Pathologic germ line mutations that predispose patients to cancer are estimated to occur in 4-30% of all pediatric oncology cases. In addition to leukemia specific familial predisposition syndromes, children with rare constitutional syndromes, heterogeneous dysmorphic syndromes, and multiple-cancer hereditary predisposition syndromes are all at an increased risk for hematologic malignancies. However, to date no genome-wide analysis has been done to define the range of germ line mutations that occur in pediatric patients with hematological malignancies.

To determine the frequency of pediatric cancer patients that have germ line variants of pathological significance in genes that predisposed to cancer, we analyzed the germ line and tumor DNA from 1120 pediatric cancer patients that were enrolled in the St. Jude – Washington University Pediatric Cancer Genome Project (PCGP). Samples were analyzed by whole-genome sequencing (n = 595), whole-exome sequencing (n = 456), or both (n = 69). Single nucleotide variants (SNVs), insertions/deletions (indels), structural variations (SV) and copy number alterations (CNAs) were detected using our analytical pipeline and all single nucleotide polymorphisms (SNPs) previously identified in non-cancer populations were filtered out. Our analysis then focused on the 23 cancer predisposition genes recently recommended for germ line analysis by the American College of Genetics and Genomics, along with an additional 8 genes that have been previously shown to predispose to pediatric cancer at a high penetrance. All variants in these 31 genes were classified as pathologic, likely pathologic, uncertain significance, likely benign, and benign based on literature review and in-silico predictions on the effect of novel mutations. An expanded analysis including a total of 565 genes known to play a role in oncogenesis was also evaluated.

Pathologic or likely pathologic germ line variants in one of the 31 genes were detected in 8% (90/1120) of patients, including: 16% (46/287) of patients with solid tumors, 8.6% (21/245) with brain tumors, and 3.9% (23/588) with leukemia. Expanding this analysis to 565 cancer gene resulted in only a slight increase, with a pathologic or likely pathologic variant being detected in 8.6% (97/1120) of patients. The most frequently effected genes included TP53 (n=48), APC (n=7) and BRCA2(n=6). Importantly, in >50% of these patients, analysis of their tumor DNA revealed the absence of a wild type allele for the cancer predisposition gene that was altered in the germ line.
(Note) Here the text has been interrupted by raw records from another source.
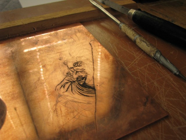 I love this one so far. It’s always a gift to work on a copper plate. Are you drawing with pencil on it first before you carve into it? Nice photos, too.
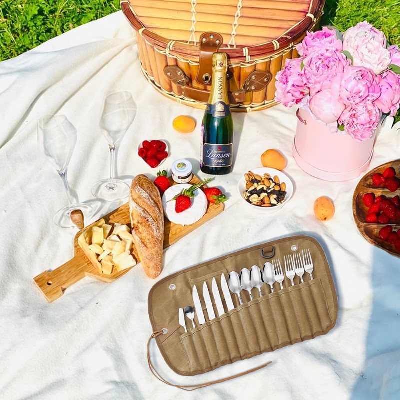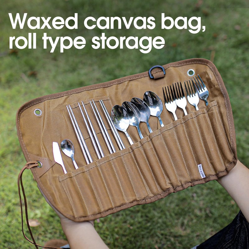 - 【High Quality Material】The camping cutlery bag is made of high quality canvas fabric,which is waterproof and wear resistant,the cutlery storage bag can protect your camping utensils from damage and accidental drops.
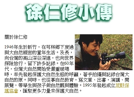 徐仁修在菲律賓、西爪哇、東馬來西亞沙巴、美國西南部、泰北、寮國與緬甸等地攝影旅行。1984年曾任牛頓雜誌的攝影師。1995年6月25日在台灣成立了荒野保護協會,以籌款購買荒地保留其生態和物種為宗旨。 https://youtu.be/xJVYA_37KAg

The 588 pediatric patients with leukemia included 116 acute myeloid leukemias (AMLs: FAB M7 n=20; Core Binding Factor leukemias n=86; MLL-R n=10) and 472 acute lymphoblastic leukemias (ALLs: E2A-PBX1 n=53; ERG-R n=39; TEL-AML1 n=53; Hyperdiploid n=69; Hypodiploid n=47; BCR-ABL1 n=40; T-ALL n=32; MLL-R n=40; BCR-ABL-like n=31; and Other n=68). Across this cohort, 3.9% (23/588) of leukemia patients harbored a pathologic germ line mutations in one of the 31 cancer pre-disposing genes. This number increased to 4.6% (27/588; 28 mutations) when the expanded gene list was evaluated. TP53 (n=10) was the most frequently altered germ line gene in pediatric leukemia patients and was found predominantly in low-hypodiploid ALL, as previously reported. Germ line pathologic variants were also identified in KRAS, RUNX1, APC, BRCA2, and RET (2 cases each), and NRAS, SH2B3, BRCA1, MUTYH, PTCH1, SDHA,VHL, and NF2 (1 case each). Although germ line mutations in RUNX1 and SH2B3are typically associated with myeloid neoplasms, we identified these lesions in 3 cases of B lineage ALL suggesting an association with a wider spectrum of leukemia.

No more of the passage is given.